Quantifying Hyperparameter Transfer and the Importance of Embedding Layer Learning Rate
量化超参数迁移与嵌入层学习率的重要性
Dayal Singh Kalra, Maissam Barkeshli
AI总结 本文研究了超参数迁移的量化方法,通过三种指标评估超参数迁移的质量,发现Maximal Update(μP)参数化在训练中通过最大化嵌入层学习率提升了超参数迁移质量,而权重衰减虽改善了缩放定律拟合,但会降低外推鲁棒性。
详情
- Comments
- 10+28 pages, 5+17 figures
超参数迁移允许从小规模到大规模模型中外推最优优化超参数,这对于训练大型语言模型(LLMs)至关重要。这可以通过拟合缩放定律或通过精心选择参数化方式(如Maximal Update(μP))来实现,使最优超参数近似规模不变。本文首先开发了一个框架,通过三个指标量化超参数迁移:(1)缩放定律拟合的质量,(2)对外推误差的鲁棒性,以及(3)由于参数化选择导致的渐近损失惩罚。接着,通过一系列全面的消融实验,探讨了为何μP相对于标准参数化(SP)在训练AdamW时提供高质量的学习率迁移,因为现有理论不足。我们发现,μP相对于SP的主要优势在于最大化嵌入层学习率。在SP中,嵌入层学习率充当瓶颈,导致训练不稳定性;将其增加到宽度的倍数以匹配μP,可显著平滑训练并提高超参数迁移质量。此外,权重衰减改善了缩放定律拟合,但在固定token-per-parameter设置下会损害外推的鲁棒性。

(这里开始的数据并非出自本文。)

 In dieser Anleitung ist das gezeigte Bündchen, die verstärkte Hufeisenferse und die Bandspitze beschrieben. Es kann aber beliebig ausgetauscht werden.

Hyperparameter transfer allows extrapolating optimal optimization hyperparameters from small to large scales, making it critical for training large language models (LLMs). This is done either by fitting a scaling law to the hyperparameters or by a judicious choice of parameterization, such as Maximal Update ($μ$P), that renders optimal hyperparameters approximately scale invariant. In this paper, we first develop a framework to quantify hyperparameter transfer through three metrics: (1) the quality of the scaling law fit, (2) the robustness to extrapolation errors, and (3) the asymptotic loss penalty due to choice of parameterization. Next, we investigate through a comprehensive series of ablations why $μ$P appears to offer high-quality learning rate transfer relative to standard parameterization (SP), as existing theory is inadequate. We find that the overwhelming benefit of $μ$P relative to SP when training with AdamW arises simply from maximizing the learning rate of the embedding layer. In SP, the embedding layer learning rate acts as a bottleneck that induces training instabilities; increasing it by a factor of width to match $μ$P dramatically smooths out training while improving hyperparameter transfer. We also find that weight decay improves the scaling law fits, while, in the fixed token-per-parameter setting, it hurts the robustness of the extrapolation.